Hey everyone, I'm new to the forum and a proud new owner of a 1948 8N Ford! I gave 750.00 for the tractor and 50.00 for a 5' finish mower both of which need a little work to use. I had 3.5 acres logged the later part of last year and then paid to have the tops and other underbrush raked and burned. I am still trying to teach my wife about low bidders and the finished result. Needless to say after it was said and done, she can see why the other bid was so much higher. Now don't get me wrong, the majority of the work was satisfactory but it did leave a little to be desired. I have some piles with a lot of dirt ( I can't figure how considering the guy used a grapple rake to rake and pile) that I'll have to bust and re bunch and burn. And I know alot of people will say nay with the little 8N but I think I can do it, just poke it a little slower and easier. I want to remove snags and roots that was not picked up the first go around. My initial thought was to rake with the utility/landscape/root/rock rake and then disc then go back and rake again. Now I'm thinking a box blade with scarifiers. What do you fine folks think would be the best implement(s) to accomplish this task? I can borrow a disc and rake, and I could probably find a box blade if needed. I know I'll need the rake to pile and shake dirt before hand but would a box blade work to get the snags and root or would the disc be better suited? Basically I want it as clean as possible because I'm planting grass and using the "unusable" finish mower to keep it cut. Thanks.


----------



## Hoodoo Valley (Nov 14, 2006)

Welcome to tractorforum.com Hustler. If you have remaining trees of any size that you want to keep, any sort of box scraper with teeth, will be hitting roots and stalling the tractor, and or killing your trees. If you still have stumps, those will break your disc and rake. I'm taking about the smaller stumps that you might not be able to see within the brush.

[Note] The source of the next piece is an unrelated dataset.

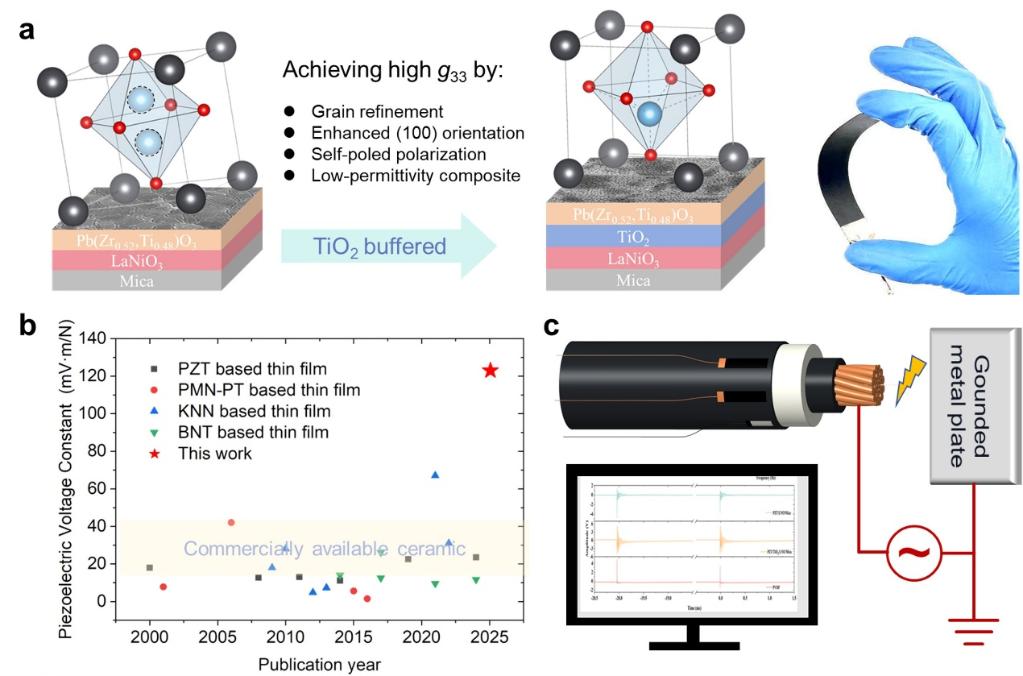 针对这一瓶颈,黄瓜视频 黄瓜视频 钟力生、高景晖教授团队提出了一种柔性压电薄膜的缓冲层调控性能提升策略,通过在Pb(Zr₀.₅₂Ti₀.₄₈)O₃(PZT)薄膜下方引入TiO₂缓冲层:一方面,利用缓冲层的低介电常数降低复合薄膜的等效介电常数;另一方面,通过缓冲层促进PZT晶粒细化、提升择优取向和诱导自极化效应,大幅提升了PZT薄膜的压电系数,实现了柔性压电材料传感性能显著提升。通过该方案获得了压电电压系数高达124 mV·m·N⁻¹的柔性压电薄膜,研制的柔性超声传感器件为电缆局部放电声学检测提供了新型传感解决方案。

A box scraper with the teeth lifted, or a back blade, will do a decent job at collecting the brush, but far and away, the best tool for the job in my humble opinion, is going to be a front end loader. The front end loader is especially handy if you can afford a set of pallet forks or a grapple. On the poor mans side of reality though, a box scraper is probably going to be your best asset.


----------



## pogobill (Jan 31, 2012)

hustler54,
Your best bet would be to hire a good guy with an excavator for a day and you'd be surprised at the amount of work that that machine can do. It can rip up roots and stumps and fill holes and knock off humps before your very eyes. He could dig holes and bury all the stumps, get rid of all the stuff you don't want to deal with, and level everything on his way out. Then you could clean it up real nice with your 8N with a box scraper and dress it up nice with a landscape rake, or the box scraper if you are handy.
I've done a fair amount of work around my place, and I'll tell you, A local guy I know down the road is amazing with the excavator, and does more work in an afternoon than I could do in a month of Sundays!


----------



## hustler54 (Jul 7, 2013)

Well I bit the bullet today and bought a 5' box blade for 100.00! I need a cutting edge and the ripper shanks but I priced it out and looks like I'll have a nice blade for the tune of 290.00 that's including the 100.00 I spent for the blade. I think I'm still coming out ahead vs. buying new (499.99) for a 5' blade. Do you know if there is a magic angle to set the cutting edge to? Maybe 60 degrees or 70 to really get it to "cut"? Anyone?


----------